BumbleCore Data Format Guide

This document details the various data formats supported by BumbleCore to help you prepare training data.

💡 Format Support: All training stages support both JSON and JSONL file formats, with automatic recognition and processing.

📋 Table of Contents

Pretraining Data Format
SFT (Supervised Fine-Tuning) Data Format
DPO (Direct Preference Optimization) Data Format
Data Preparation Tips

🔍 Format auto-detection: The data formatter detects the input format by inspecting the first sample's top-level keys, in priority order: messages → conversations → instruction. Make sure each file uses a single consistent format.

1️⃣ Pretraining Data Format

Format:

{"text": "This is the first pretraining text content..."}
{"text": "This is the second pretraining text content..."}
{"text": "This is the third pretraining text content..."}

Field Description

Field	Type	Required	Description
`text`	string	✅	Pretraining text content, can be articles, code, conversations, or any text

2️⃣ SFT (Supervised Fine-Tuning) Data Format

SFT stage supports three formats: Alpaca, ShareGPT, and OpenAI-style Messages.

Format 1: Alpaca Format

Alpaca format is a concise instruction-input-output triplet format.

Basic Format

  {
    "instruction": "Explain what machine learning is",
    "input": "",
    "output": "Machine learning is a branch of artificial intelligence..."
  },
  {
    "instruction": "Translate the following English to Chinese",
    "input": "Hello, how are you?",
    "output": "你好，你好吗？
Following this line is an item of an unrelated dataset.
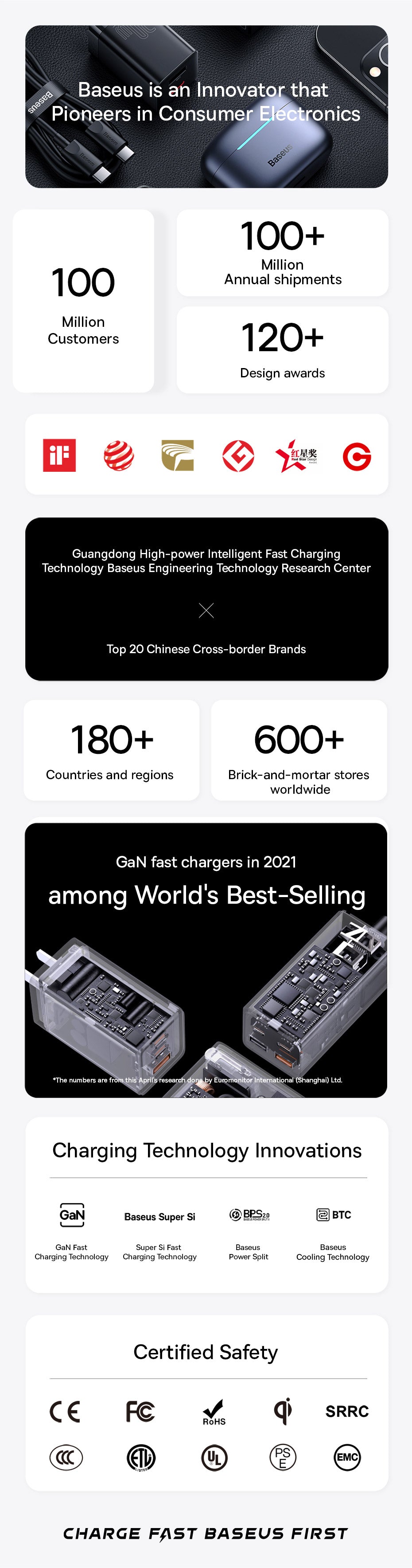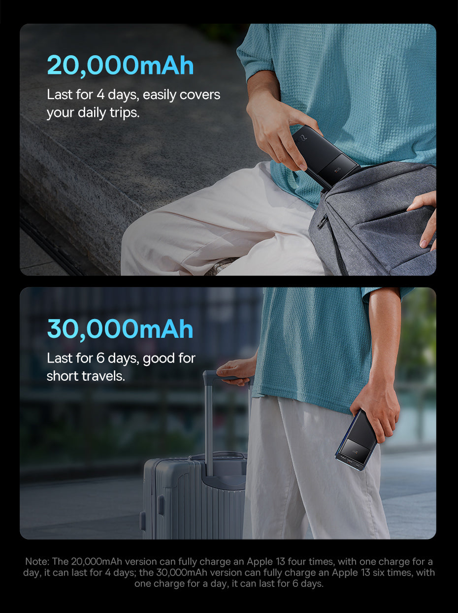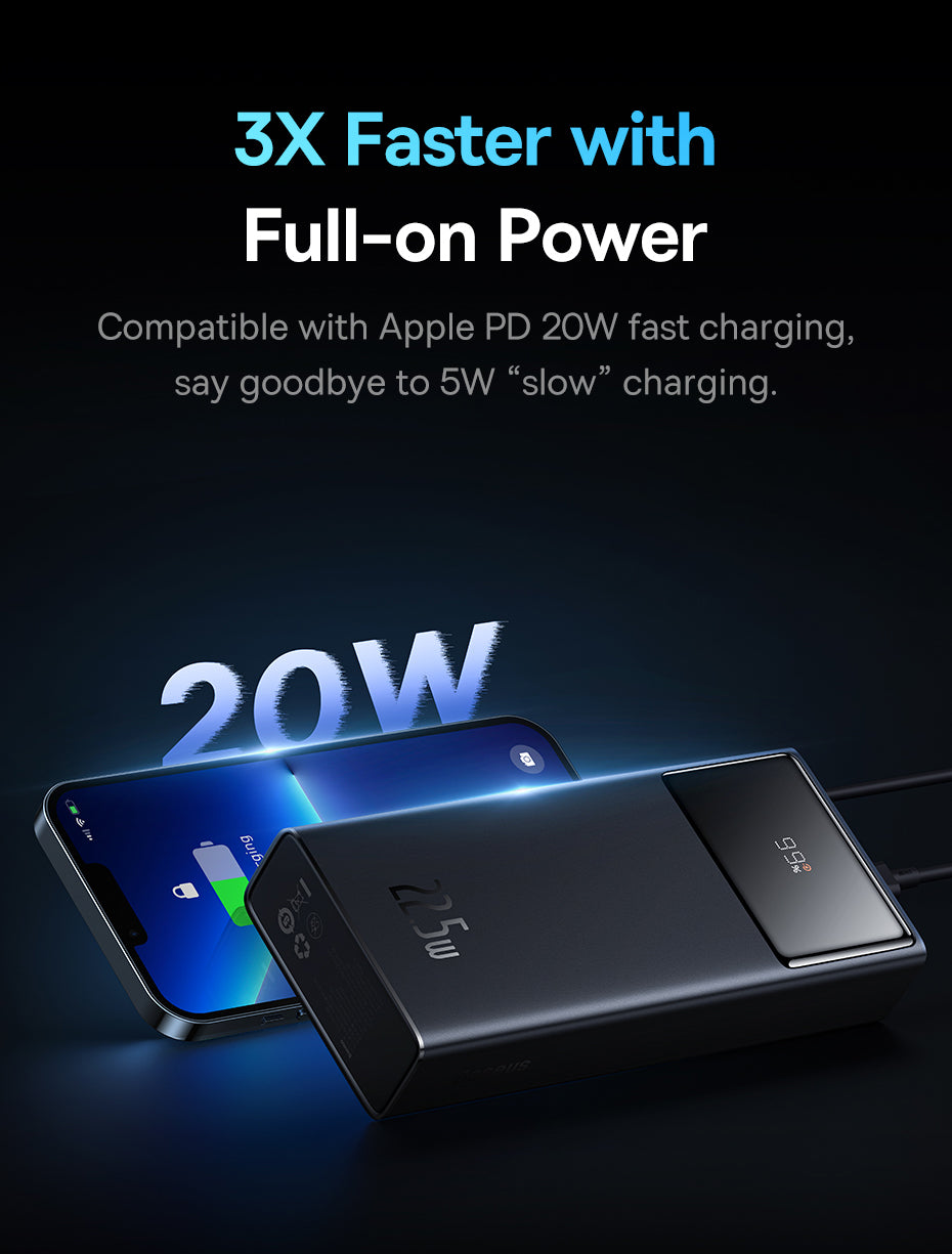 Podporuje rychlé nabíjení a inteligentní BPSII, která dynamicky rozděluje mezi připojená zařízení a upravuje výkon i energii. Kompatibilní s Huawei SCP/FCP, Apple PD, Xiaomi QC a Samsung AFC. Porty: Micro vstup, Type-C vstup, Type-C výstup, USB1/USB2. PD 20 W pro Apple 12/13 dosáhnete 50 % za 30 minut; Apple 13 lze nabít až čtyřikrát. Doba plného nabití powerbanky je 6–7 hodin. Zabezpečení zahrnuje teplotní senzor NTC a víceúrovňovou ochranu proti přebíjení, přepětí, nadproudu, zkratu a elektromagnetickému poli. LED displej zobrazuje zostávajúce. V balení: powerbanka a USB kabel. Je vhodné i pro cestování letadlem.

"
  }

Field Description

Field	Type	Required	Description
`instruction`	string	✅	User's instruction or question
`input`	string	❌	Supplementary input content, can be omitted or filled with `""` if empty
`output`	string	✅	Model's response content
`system`	string	❌	Custom system prompt, defaults to "You are Bumblebee, a helpful AI assistant."

Alpaca format does not support tool calling. Use ShareGPT or OpenAI-style Messages format for tool-calling data.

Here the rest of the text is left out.